Привлеченные моим пением, на набережную набежали малайцы и китайцы. Они отчаянно жестикулировали, и их коричневые и желтые тела блестели в солнечном свете. Они носили разноцветные набедренные повязки и саронги, и широкополые шляпы кули, сплетенные из пальмовых листьев, скрывали их лица. Я даже слышал, как они оживленно лопотали.
Я засмеялся. Лодка уткнулась в причал. Попытался встать и обратить к удивительным созданиям моей фантазии хотя бы одно слово. Вероятно, я чувствовал себя чем-то вроде Бога-Творца. Обратить к чадам своим речь было последнее, на что я ещё был способен.
Я раскрыл рот и распростер руки.
— Друзья мои…
И мое изголодавшееся тело предало меня. Я рухнул на спину в лодку и ударился плечом в пустую канистру из-под бензина, где хранил питьевую воду.
Раздалось несколько возгласов на пиджин-инглиш, и коричневая фигура в пятнистых белых шортах спрыгнула в лодку, которая теперь сильно закачалась и вышибла последние искры рассудка из моей головы.
Белые зубы скалились в широкой улыбке.
— Теперь-то вы о'кэй, cap!
— Этого не может быть, — сказал я.
— И все, все теперь-то о'кэй, cap. И меня окутала красноватая тьма. В открытой лодке я предполагал одолеть свыше тысячи миль от Австралии. Я сделал едва ли две сотни и большинство из них — в неверном направлении.
Было 3 мая 1941 года. Я провел на море примерно сто пятьдесят часов. Разрушение Сингапура Третьим Флотом имперской Японии произошло три месяца назад.
Глава 2
Разрушение Сингапура
То, что разрушили японцы, было своего рода утопией.

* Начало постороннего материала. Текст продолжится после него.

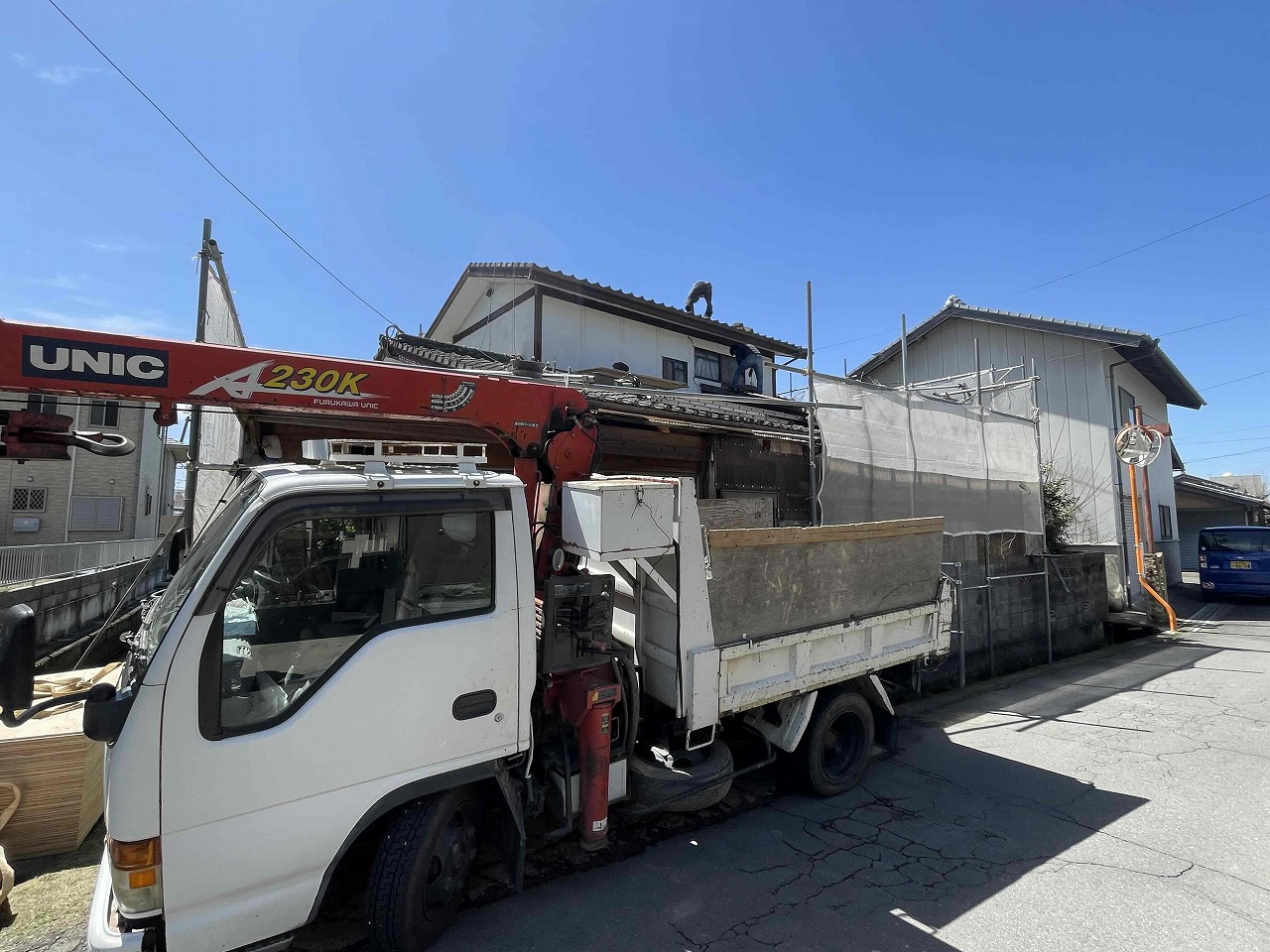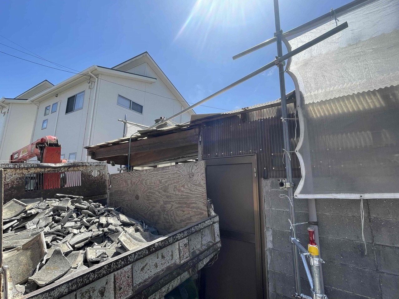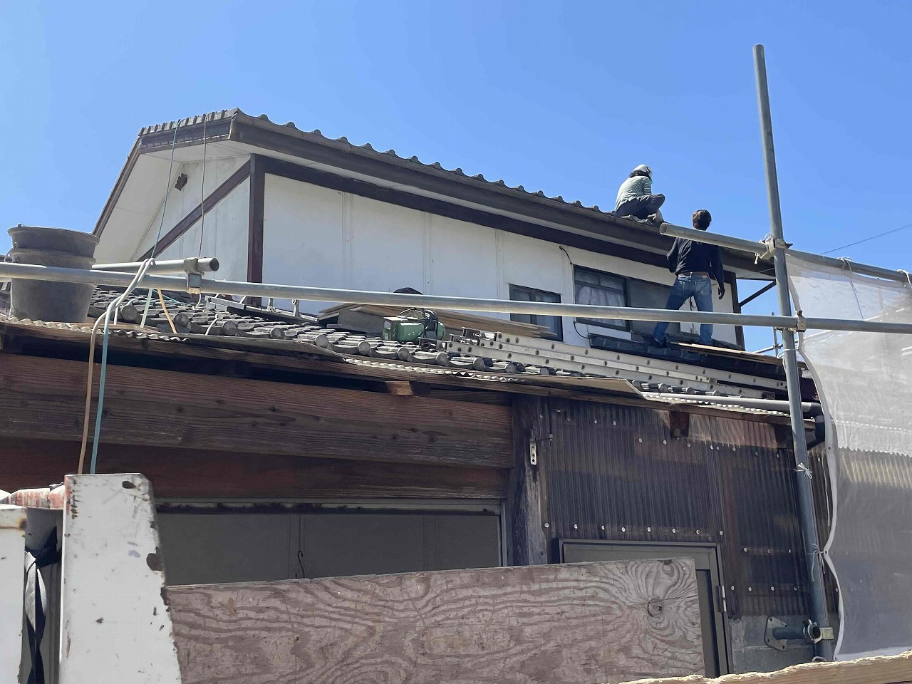 本日、雨漏りしていた既存の瓦の撤去作業を行いました。明日より、下地調整を行い、野地板を張っていく予定となっております。引き続きよろしくお願いいたします!?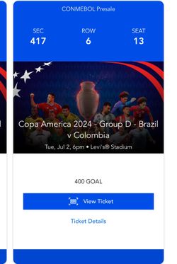 Copa America Brazil 🆚 Colombia $350Santa Clara, CA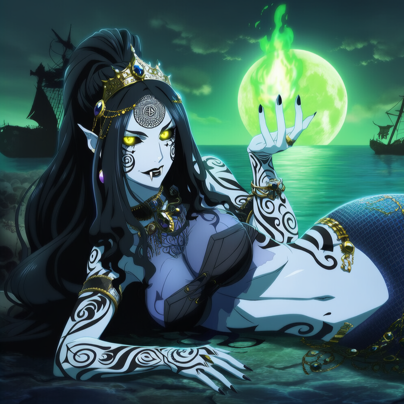 Gothic sea shanty with dark folk and metal influences, Fiddle is a lead melodic instrument, playing haunting, winding lines that feel like waves pulling a ship under, Pan flute provides eerie, drifting accents like distant calls over open water, The rhythm should sway like the tide—slow, heavy drums with a rolling, waltz-like pulse, Guitars are deep and atmospheric, adding weight and shadow without overpowering the folk elements, Vocals are female, hypnotic, and predatory: smooth, alluring, and slightly dangerous, with occasional powerful, emotional bursts, The tone is oceanic, ancient, and mournful, but also intimate and hungry—like a siren inviting a sailor to drown willingly, Focus on atmosphere, sway, and dark beauty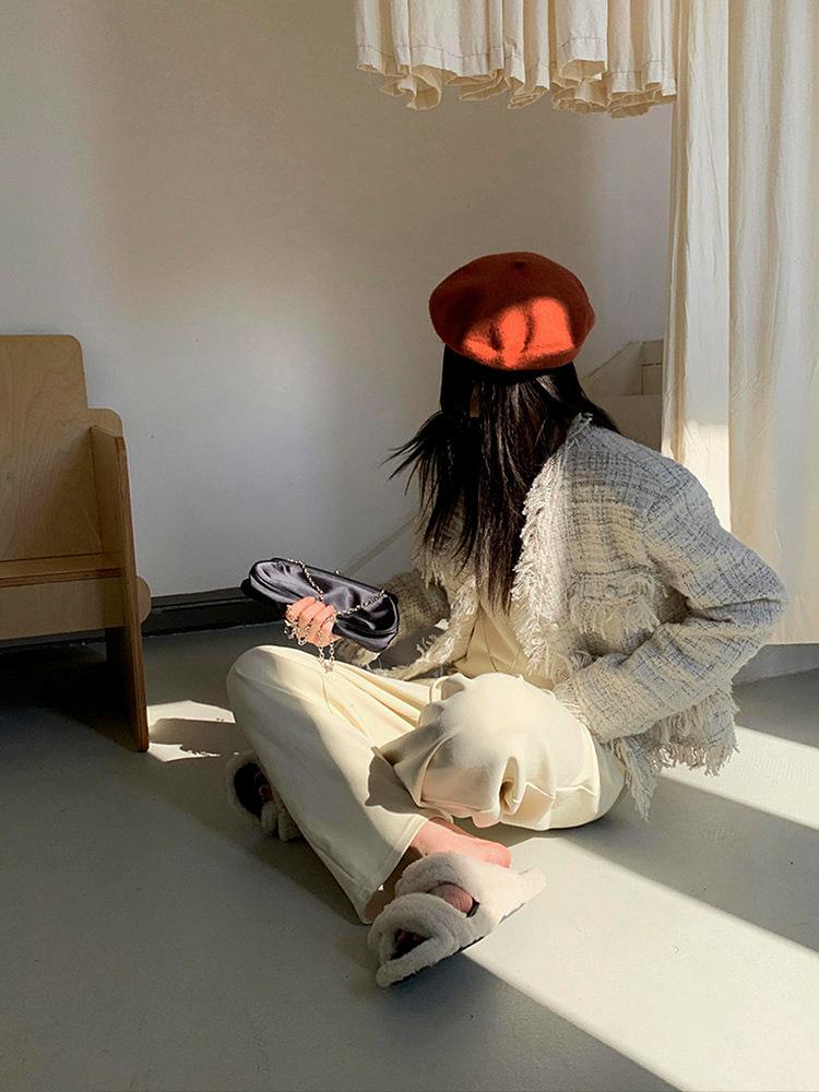 4:Los productos de lana pura rozan con los objetos durante el uso y forman bolitas con el tiempo. Evite el roce con superficies duras. Si se forman bolitas, puede usar una rasuradora o cinta adhesiva para eliminarlas; prácticamente no se notarán.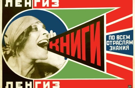 Cartel sovietico: Póster propagandístico de Aleksandr Mijáilovich Ródchenko (1891- 1956). La palabra ‘Lengiz’, que se repite arriba y debajo de la imagen, corresponde a las iniciales en ruso de Editorial Estatal, Sección de Leningrado. El texto que sale de la boca de la obrera dice «Libros. Conocimiento en todos los campos”. Litografía vanguardista de 1924. Cartel de la Russian State Library (Biblioteca estatal rusa), en Moscú.

Задуманный как модель для других больших поселений, которым предстояло в будущем возникнуть на Востоке, Сингапур с его изящными белыми небоскребами, монорельсовой дорогой, снабженной светофорами, комплексом безупречно функционирующего аэропарка был своего рода образцом для граждан нашей империи — символом того благоденствия, которое британское господство должно было в конце концов принести своим народам.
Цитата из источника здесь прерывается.